Conservative treatment consists of measures aimed at decreasing symptoms and increasing function. Options include cervical orthosis, physical therapy, medication, and epidural steroid injections. Medications include nonsteroidal antiinflammatory drugs (NSAIDs), analgesics (opioids), muscle relaxants, and steroids. Some or all of these conservative measures may lead to some improvement in 30% to 50% of patients, depending on the grading criteria utilized. ^, This is especially true for those with only mild symptoms, that is, mild hand and arm symptoms but no impairment of daily tasks.

Conservative management with close follow-up may be considered for those with mild myelopathy, but caution should be taken with those with moderate to severe symptoms. No difference at 2 years was observed between those who received surgical treatment and those who did not due to mild myelopathy. In contrast, those with severe myelopathy rarely improved with conservative measures. Fourteen out of 15 patients with severe myelopathy treated nonsurgically remained disabled without improvement in one series.

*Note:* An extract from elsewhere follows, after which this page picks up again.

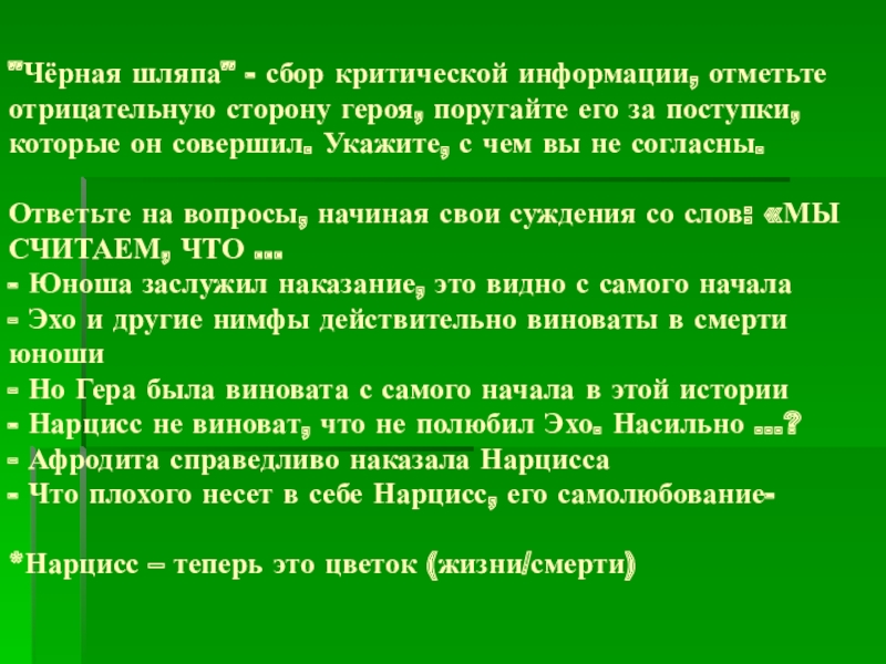 Слайд 15"Чёрная шляпа" - сбор критической информации, отметьте отрицательную сторону героя, поругайте его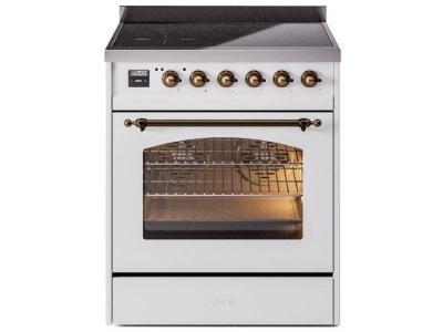 30" ILVE Nostalgie II Electric Freestanding Range in White with Brass Trim - UPI304NMP/WHG

Conservative treatment is an effective treatment for patients without cervical disc herniation, and with mild compression with no or mild myelopathy. ^, In general, favorable outcomes from nonsurgical treatment can be expected if a median- or diffuse-type soft disc herniation is found on MRI. ^, Conservative, nonoperative management is only appropriate for mild, nonprogressive CSM, and surgical treatment is warranted for progressive, moderate-to-severe CSM. ^{, ,} In a multicenter prospective cohort study, surgical decompression in severe CSM patients was found to be associated with improvement in functional status, disability, and health-related quality of life (HR-QOL), at 1 year follow-up. The majority of complications in the surgical cohort of CSM patients were treatable and without long-term effect, and moreover, surgical treatment was associated with significant improvement in health utilities and cost effectiveness, as compared to those treated conservatively. ^,

Ultimately, most patients with CSM undergo surgery. Those with moderate or severe symptoms should undergo early surgical decompression. Many surgical studies have demonstrated that shortening symptom duration prior to decompression results in improved outcomes. Patients with only mild symptoms may be closely followed and decompression performed when there is deterioration or lack of improvement.

Operative Management

Ventral Approach

The ventral approach to the cervical spine to address spondylosis has been successfully performed for nearly 50 years. This approach provides direct access for spinal cord and nerve root decompression secondary to herniated intervertebral discs, dorsal vertebral body osteophytes, OPLL, and uncovertebral joint hypertrophy. Another important benefit of the ventral approach is the ability to correct kyphotic deformity through discectomy and/or corpectomy. Although some advocate ventral discectomy without arthrodesis in certain clinical situations, decompression in the setting of CSM is accompanied by a stabilization procedure with the goal of arthrodesis (artificial disc placement would be an exception). Ventral decompression options include discectomy (either single or multiple levels), corpectomy (either single or multiple levels), or a combination of both. Arthrodesis can be accomplished by using autograft or allograft bone, or a combination of both, with or without instrumentation. A variety of metallic and carbon fiber cages have been used, typically packed with autograft or allograft bone, and all of these options can be performed with or without a ventral cervical plate ( Fig. 138.3 ).